Most real core-shell nanoparticle (CSNP) samples deviate from an ideal core-shell structure potentially having significant impact on the particle properties. An ideal structure displays a spherical core fully encapsulated by a shell of homogeneous thickness, and all particles in the sample exhibit the same shell thickness. Therefore, analytical techniques are required that can identify and characterize such deviations. This study demonstrates that by analysis of the inelastic background in X-ray photoelectron spectroscopy (XPS) survey spectra, the following types of deviations can be identified and quantified: the nonuniformity of the shell thickness within a nanoparticle sample and the incomplete encapsulation of the cores by the shell material. Furthermore, CSNP shell thicknesses and relative coverages can be obtained.
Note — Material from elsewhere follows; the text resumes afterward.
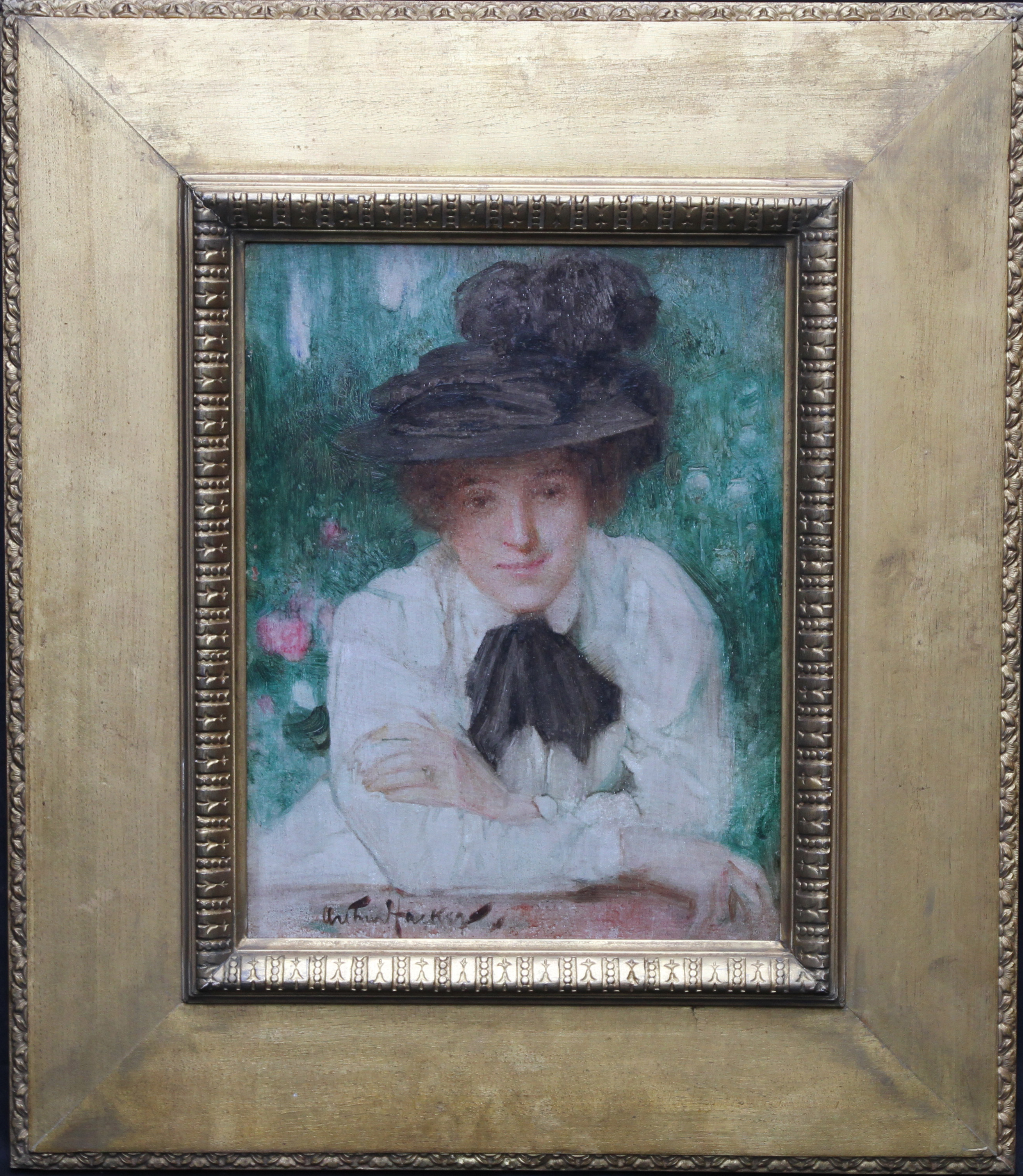 | Description | This beautiful vibrant British Impressionist Edwardian portrait oil painting on panel is by noted artist Arthur Hacker. Painted circa 1905 it is a half length portrait of a lady dressed in white with a black bow at her neck and hair up under an ornate black hat. She is outdoors in a garden with pink flowers behind her to her left and perhaps dried poppy heads or thistles to her right against a vivid green background. She is resting her arms on a wall and leaning forward towards the artist/viewer and smilling. It is a very charming, informal portrait and the Impressionist brushwork and impasto are superb. It is housed in a lovely gilded oak frame of the period. Signed lower left. |

These results allow for a quick and straightforward comparison between several batches of a specific CSNP, different coating approaches, and so forth. The presented XPS methodology requires a submonolayer distribution of CSNPs on a substrate. Poly(tetrafluoroethylene)-poly(methyl methacrylate) and poly(tetrafluoroethylene)-polystyrene polymer CSNPs serve as model systems to demonstrate the applicability of the approach.

中文翻译：

---

通过分析 X 射线光电子能谱调查光谱的非弹性背景来确定核壳纳米粒子涂层的不均匀性

大多数真正的核壳纳米颗粒 (CSNP) 样品都偏离了理想的核壳结构，可能会对颗粒特性产生重大影响。理想的结构是球形核完全被均匀厚度的壳包裹，样品中的所有颗粒都表现出相同的壳厚度。因此，需要能够识别和表征此类偏差的分析技术。本研究表明，通过分析 X 射线光电子能谱 (XPS) 调查光谱中的非弹性背景，可以识别和量化以下类型的偏差：纳米颗粒样品内壳厚度的不均匀性和核的不完全封装由外壳材料。此外，可以获得 CSNP 壳厚度和相对覆盖率。这些结果允许在几个批次的特定 CSNP、不同的涂层方法等之间进行快速和直接的比较。所提出的 XPS 方法需要 CSNP 在基板上的亚单层分布。聚（四氟乙烯）-聚（甲基丙烯酸甲酯）和聚（四氟乙烯）-聚苯乙烯聚合物 CSNP 作为模型系统来证明该方法的适用性。